Anyway, then she starts bugging us about when we are going to visit her in Wales, continually asking to speak to me so that she can ask me when we are visiting (OH is crap with stuff like that) and never bothering to ask how we are, wether we are okay or even so much as asking IF we would like to visit! Just assuming that we would and that everything was 'merry' or whatever, so i arranged it for December 17th thinking that it would be okay and we could get it out the way before Christmas and OH was pretty keen, i was worried about it anyway and had made plans to meet a friend who lived nearby and spent a night or two with her to avoid having to ignore my child's death... 

Anyway it turned out that 17th December fell just a few days shy of our portmortem results appointment and so i expressed to OH how uncomfy i was with the idea of going to see her and that i didnt think i could just put to one side my incredibly raw feelings about the fetal death etc, he said that he really wanted to go and didnt want to explain to her that i didnt want to see her. I told him in that case he could go with j and i would stay here, then he got upset that he would have to explain why i didnt want to see her and he didnt want to do that :( 

So i ended up emailing her and saying 'i'm really sorry, we are getting the results a few days later and i just dont know how i am going to feel so i dont want to plan to go to Wales, so sorry.

I didnt even get a reply, not a 'its okay, take time, all the best' or anything! I was quite hurt by that

then she phones the day after the postmortem results, i was thinking she might just ask how we were, i was surprised to see the call, besides the initial 'I'll come and help' she hadn't mentioned the baby, me, or asked after us ever at all. 

Nope, she wanted to tell Liam that she WOULD be visiting mid January, because she was going to be visiting other people in the south of the country so we should expect her on about the 15th FOR A WEEK

Well, my baby would have been due on the 18th, i had already told Liam that i didnt want anyone here in January really because i didnt know how i would feel and that i certainly didnt want anyone here on the due date. 

So basically he says 'It would be great to see you mum, glad you can stay for a while????' and i thought (having not heard the other bit of the phone call) that she was coming in Feb or March 

Nope, they had just arranged to have her here over the due date even though OH KNEW how i felt about it. 
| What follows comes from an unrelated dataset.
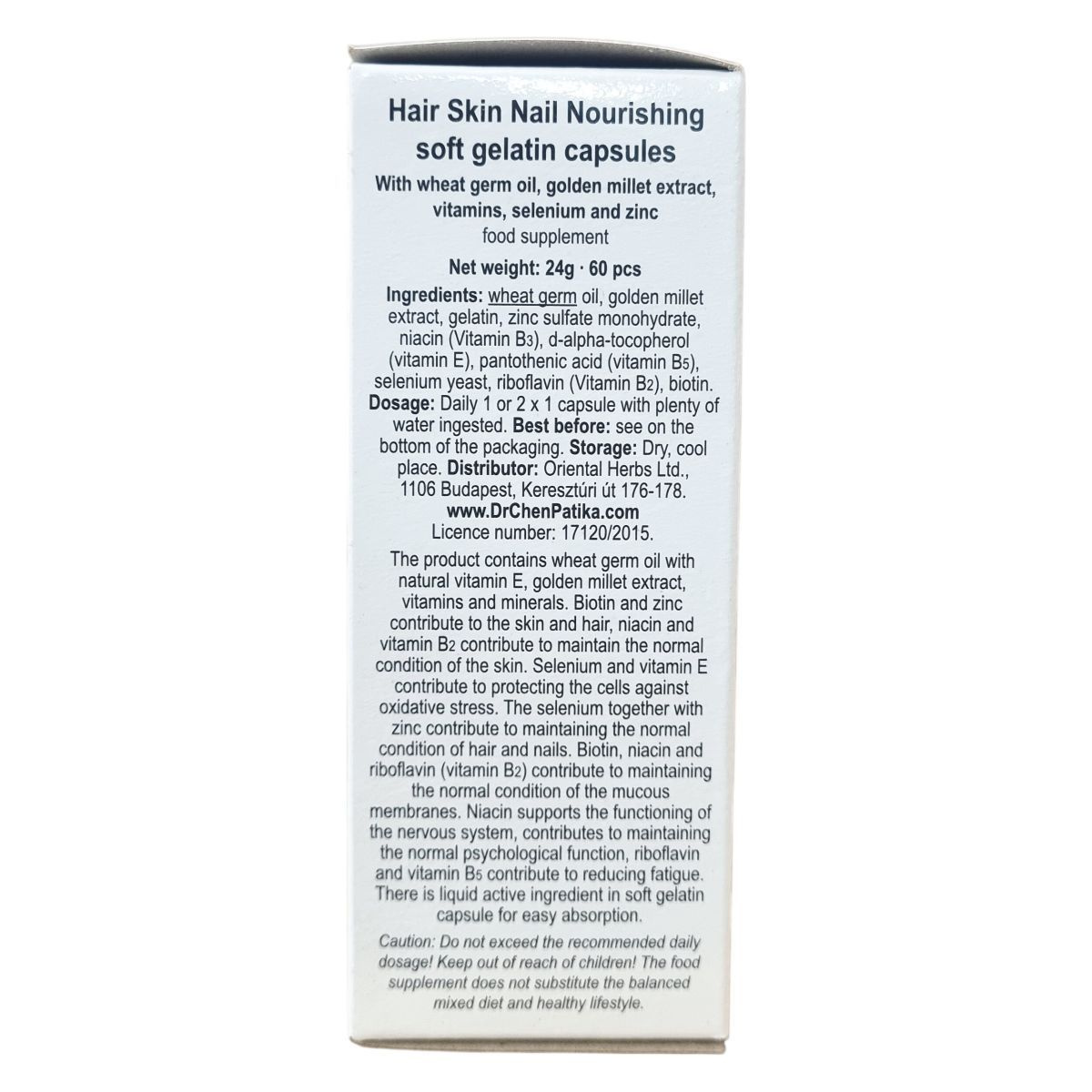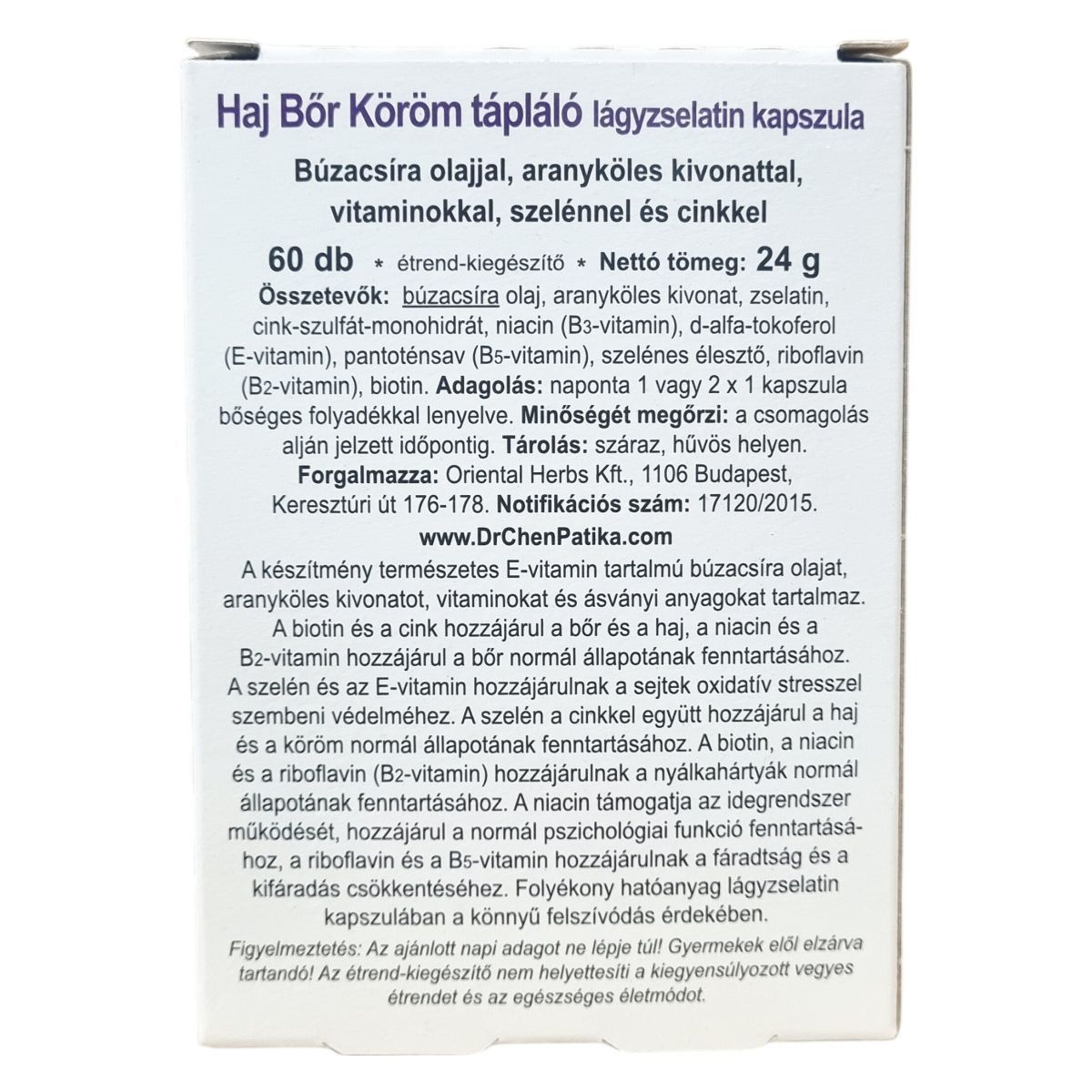 A Dr.Chen Haj Bőr Köröm tápláló lágyzselatin kapszula természetes E-vitamin tartalmú búzacsíra olajat, aranyköles kivonatot, vitaminokat és ásványi anyagokat tartalmaz. A biotin és a cink hozzájárulhat a bőr és a haj, míg a niacin és a B2-vitamin a bőr normál állapotának fenntartásához. A szelén és az E-vitamin együtt hozzájárulhatnak a sejtek oxidatív stresszel szembeni védelméhez, valamint a szelén a cinkkel együtt a haj és a köröm normál állapotának fenntartásához. A biotin, a niacin és a riboflavin (B2-vitamin) támogathatják a nyálkahártyák normál állapotának fenntartását. A niacin segítheti az idegrendszer működését, hozzájárulhat a normál pszichológiai funkció fenntartásához, míg a riboflavin és a B5-vitamin csökkenthetik a fáradtságot és a kifáradást. A készítmény hatóanyagai lágyzselatin kapszulában találhatók, amelyek a könnyű felszívódást szolgálják.

So i was pissed off with him and he responded by ignoring me for a whole night, being all lovey-lovey with me when people came over (having just ignored me when we were in private) and then reacting like i was the biggest bitch in the world when i didnt return his hugs and kisses! So basically systematically making me look like a bitch AND making me feel guilty for not wanting her here :( :( 

that escalated into a huge row but anyway MiL 

So then he finally gets round to telling her (by text) that January is not a good time having been told he either sorts it out of doesnt bother coming home and she sends a message back saying 'okay, let me know when i am allowed to come' 

I mean really! Could she not have said 'thats okay, i understand' or better still JUST ASKED IF SHE COULD COME THE DAY OF THE DUE DATE RATHER THAN ASSUMING IN THE FIRST PLACE!!!!! 

horrid woman 

So that all happened, here we are at Christmas, we have had the Postmortem results and complete STRANGERS are more interested in the results than she is

she calls on Christmas day demands to speak to me, i was on the verge of tears all day anyway and tells me that i must be having a WONDERFUL day because J is at the right age and could i tell her when shes allowed to come and stay. I said February is fine and then managed to give the phone back to L but once again she failed to ask how i was, even suggesting that i was GREAT grrrrr

NYE, i'm really sad, cried most of the night etc, Liam gets an email from a relative which says

'Hi Liam, just spent Christmas with your Mum, Sisters and Grandparents! Wanted to wish you my best, you and Fiona must be very excited at the new arrival coming later this month I believe? How exciting for you both! Do keep in touch' 

:( 

So we email this woman back, explaining that the child was stillborn and what not and she (on NY's Day) says;

'Oh, i am so sorry, no body mentioned it to me or your Auntie or Uncle, we all asked after you and everyone said you were doing really well, nobody mentioned the baby i am so sorry i have brought it up'

So his SODDING mother has spent 3 days with relatives of Liam, told them we are doing really well and everyone is happy having just spoken to us about the fact that we are feeling sensitive due to the post mortem etc and hasn't even BOTHERED to mention it to Liams family!! 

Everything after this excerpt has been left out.